The group is developing a new imaging mass spec system specifically designed to take advantage of the unique attributes of PIRL in quantitative introduction of proteins into the gas phase without signal suppression. This is an exciting development as in principle it should be possible to approach nearly 100% ion collection efficiencies with proper ion optics coupled to the PIRL ablation process.
The image of the water plume expansion demonstrates the uniform forces involved in selectively exciting water. Laser ablation processes leading to nucleation bubbles, cavitation, and shock wave formation lead to huge shear forces that eject material into “\( 4 \pi \)”, i.e., in all directions like a mushroom cloud. The very fact that the PIRL driven ablation looks like a highly directed “laser beam” of matter proves the forces are all uniformly along the surface normal, tracking the temperature gradient impulsively imposed in the sample.

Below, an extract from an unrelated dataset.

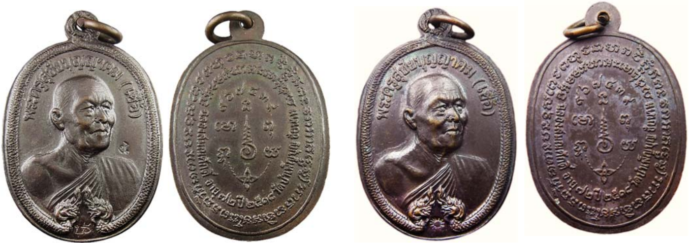
เหรียญพญานาค เนื้อทองแดงรมมันปู โค้ด “ปร” ระหว่างเศียรพญานาค และโค้ด “นะ”

The group is working to advance PIRL and Mass spectrometry (referred to as Desorption by Impulsive Vibrational Excitation: DIVE-MS) towards the fundamental limit of single protein detection for biodiagnostics. Such a development will speed up biodiagnostics by orders of magnitude (less time required for sample preparation, much less sample required) and can be used in tandem with laser surgery to provide molecular feedback in real time to surgeons to guide surgery. Surgeons currently rely solely on tactile and visual feedback of the operating field. Soon they will have a new sense to guide them – “smell”. The PIRL-DIVE-MS is effectively a molecular nose that will give surgeons an intact molecular signature of the tissue being excised – a veritable molecular bar code to tell them what tissue they are cutting. This feature of PIRL ensures the right tissue is removed. Even if PIRL cuts at single cell precision, it is hardly minimally invasive if the wrong tissue is removed or cancerous tissue/borders are not removed sufficiently. It is the combination of single cell precision in excising tissue and molecular level identification that has allowed PIRL technology to truly achieve the fundamental single cell limit to minimally invasive surgery.
All of these potential applications came from the fundamental research program directed at achieving an atomic level view of structural transitions – to realize the Chemists’ collective gedanken experiment. It is a testimony to the importance of basic research. One can never predict where new insights will lead, just that the views will be wonderful to behold.